Tightening government spending in the January-March 2014 period to meet Budget projections will add to the headwinds to growth, according to the Reserve Bank of India.
The headwinds, which are continuing to hinder growth, are: weakness in industrial activity persisting into the October-December 2013 quarter, lacklustre lead indicators of services and subdued domestic consumption demand.
India’s fiscal deficit touched Rs 4.58-lakh crore during April-October, or 84.4 per cent of the full-year target. Finance Minister P. Chidambaram has said he is committed to narrow the fiscal deficit to 4.8 per cent of gross domestic product (GDP) this fiscal from 4.9 per cent a year ago.

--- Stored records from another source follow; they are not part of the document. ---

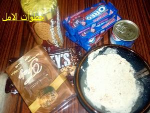نخلط الحليب والاريو المطحون والبسكوت والقشطة
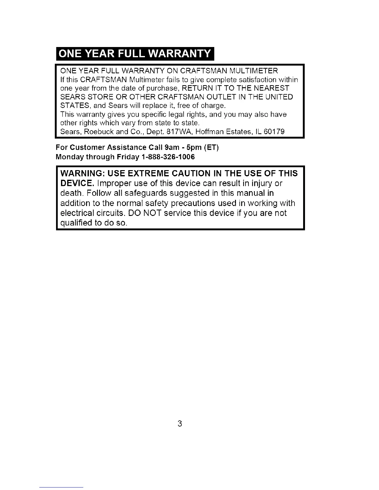 ONE YEAR FULL WARRANTY ON CRAFTSMAN MULTIMETER
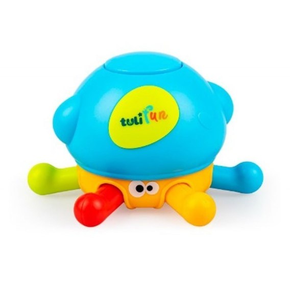 Kompaktowa ośmiornica wydaje wesołe dźwięki, które zabawią malucha. Na czubku jej głowy znajduje się ukryta piszczałka. Ramiona ośmiornicy można odginać, której to czynności towarzyszy zabawne terkotanie. Terkocze też sama głowa ośmiornicy , podczas przekręcania jej dookoła własnej osi. Kształt zabawki dostosowany jest do małych rączek, co czyni ośmiorniczkę wymarzonym towarzyszem pierwszych, sensorycznych zabaw, zarówno w domu, jak i w podróży.
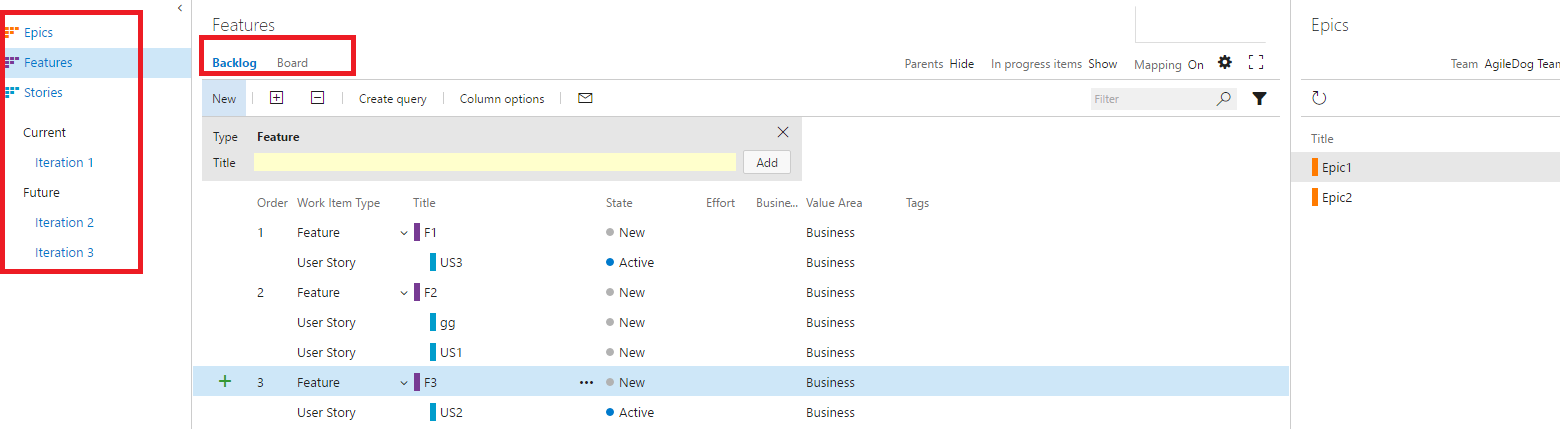 在TFS中,它为您提供了许多跟踪工作项的板。你可以从那些板上找到映射关系。在板中,您可以找到该特性下的哪些用户故事,等等。
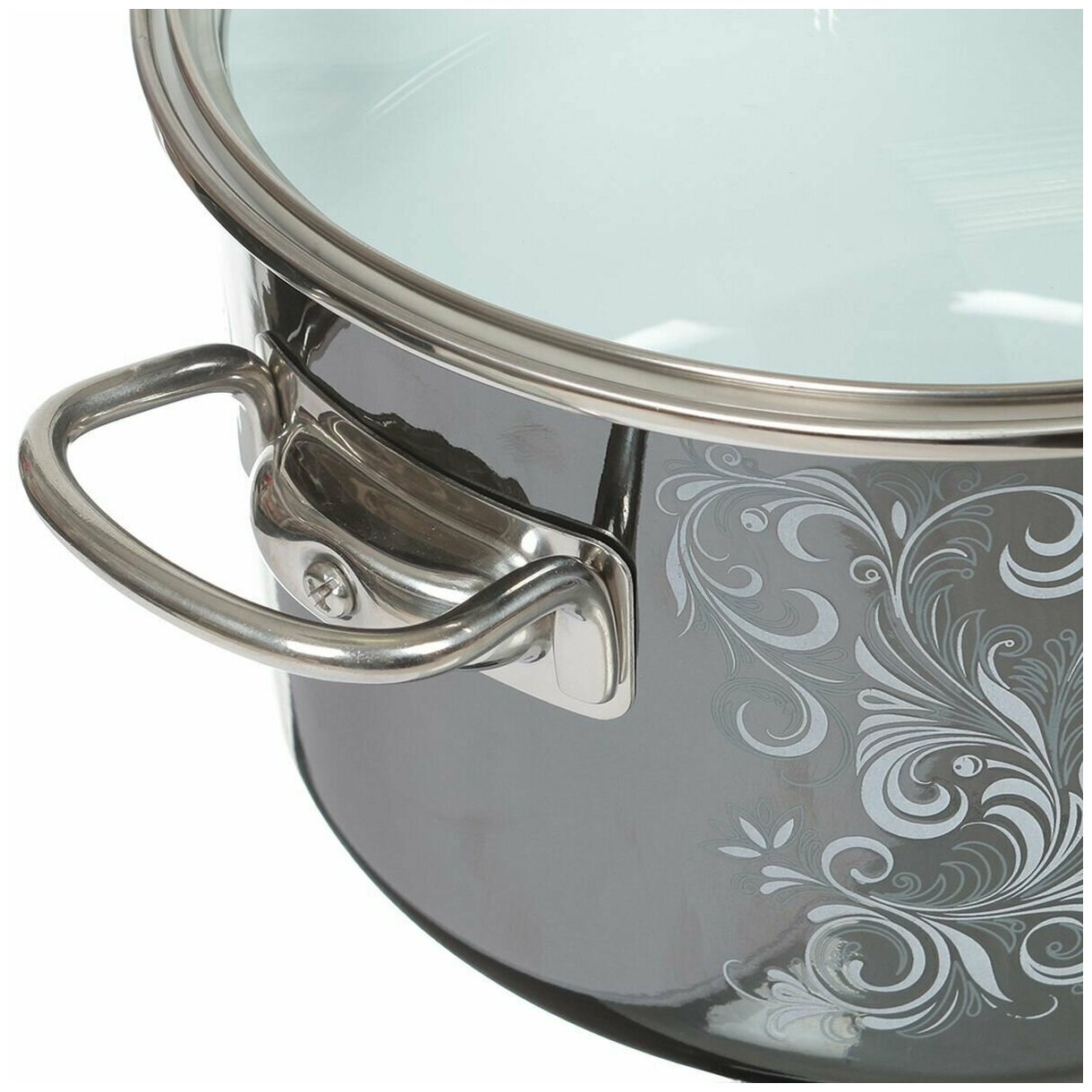 Кастрюля эмалированная сталь, 4 л, с крышкой, крышка стекло, Vitross, Iseberg, 8SD205S, мокрый асфальт, индукция

The RBI acknowledged the fact that government has started putting in place certain correctives, such as austerity measures, including a mandatory 10 per cent cut in non-Plan expenditure, excluding certain identified expenditures.
The Government has also been making efforts to improve tax compliance through a combination of administrative steps as well as incentives, such as the Service Tax Voluntary Compliance Encouragement Scheme. More such measures are needed to avert fiscal slippage.
“Fiscal multipliers for capital outlay are found to be significantly higher than that for revenue expenditure. Hence, fiscal consolidation with a reorientation in expenditure from revenue expenditure to investment spending could be growth supportive as it will also crowd in private investment,” said the RBI document.